= Exercise requirements =
Copy the data that follows exactly as it is, excluding all pictures.

= Source material =
== Segment start ==

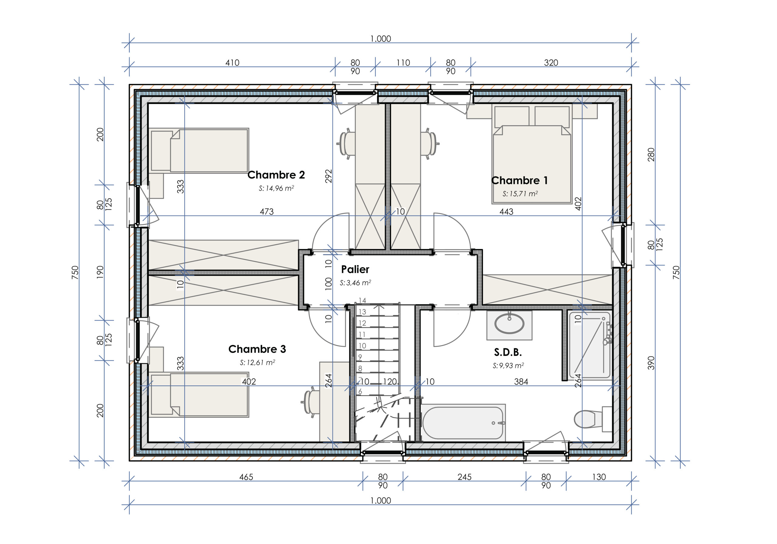À l’étage, l’espace nuit se compose de trois chambres confortables et d’une spacieuse salle de bains, le tout organisé autour d’un palier central assurant une circulation fluide.
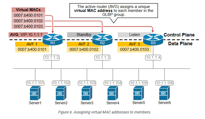 The Actual Virtual Gateway (AVG) provides virtual Mac addresses to all the other routers operating GLBP of the same group. The remaining routers are Actual Virtual Forwarder (AVF). When an ARP request comes from subnet device to know the Mac address of the virtual IP address, one of the virtual Mac addresses is provided by the AVG. AVG will provide the virtual Mac address by using Round Robin algorithm or other algorithms that have been applied. In this way, all devices running GLBP are used to forward traffic. GLBP virtual Mac address Assignment : When a subnet device (host) wants to send traffic, it requests a Mac address for the virtual IP (gateway) by sending an ARP request. In response to the ARP request, AVG will provide one of the virtual Mac address (provided to AVF by AVG). Virtual Gateway Redundancy : To detect a gateway failure, GLBP members communicate with each other through hello messages, sent in every 3-seconds to the multicast address
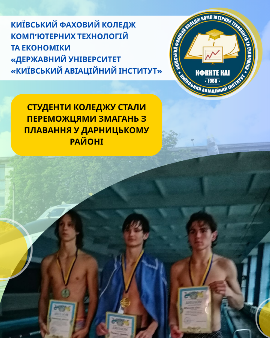 Студенти Коледжу комп'ютерних технологій та економіки здобули тріумфальну перемогу на змаганнях з плавання, що відбулися 5 листопада 2025 року. Захід проходив у рамках Спартакіади серед студентів вищих навчальних закладів Дарницького району.
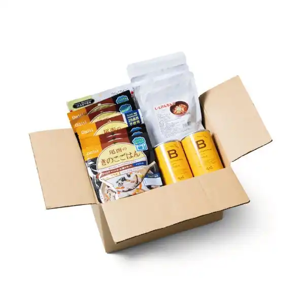 年3回送られる「食べとくエコBOX」のうち、1回分が「非常食BOX」に変更されるコースです。「非常食BOX」はご飯やパンなど、賞味期限1年以上の保存食を厳選し、5,000円相当分をお届けします。食べとくコースと同じ料金で、年3回配送のうち1回が「非常食BOX」に切り替わります。もしもの備えを手軽に始められる、お得で安心なコースです。 |

== Segment end ==

= The answer =
À l’étage, l’espace nuit se compose de trois chambres confortables et d’une spacieuse salle de bains, le tout organisé autour d’un palier central assurant une circulation fluide.
 The Actual Virtual Gateway (AVG) provides virtual Mac addresses to all the other routers operating GLBP of the same group. The remaining routers are Actual Virtual Forwarder (AVF). When an ARP request comes from subnet device to know the Mac address of the virtual IP address, one of the virtual Mac addresses is provided by the AVG. AVG will provide the virtual Mac address by using Round Robin algorithm or other algorithms that have been applied. In this way, all devices running GLBP are used to forward traffic. GLBP virtual Mac address Assignment : When a subnet device (host) wants to send traffic, it requests a Mac address for the virtual IP (gateway) by sending an ARP request. In response to the ARP request, AVG will provide one of the virtual Mac address (provided to AVF by AVG). Virtual Gateway Redundancy : To detect a gateway failure, GLBP members communicate with each other through hello messages, sent in every 3-seconds to the multicast address
 Студенти Коледжу комп'ютерних технологій та економіки здобули тріумфальну перемогу на змаганнях з плавання, що відбулися 5 листопада 2025 року. Захід проходив у рамках Спартакіади серед студентів вищих навчальних закладів Дарницького району.
 年3回送られる「食べとくエコBOX」のうち、1回分が「非常食BOX」に変更されるコースです。「非常食BOX」はご飯やパンなど、賞味期限1年以上の保存食を厳選し、5,000円相当分をお届けします。食べとくコースと同じ料金で、年3回配送のうち1回が「非常食BOX」に切り替わります。もしもの備えを手軽に始められる、お得で安心なコースです。 |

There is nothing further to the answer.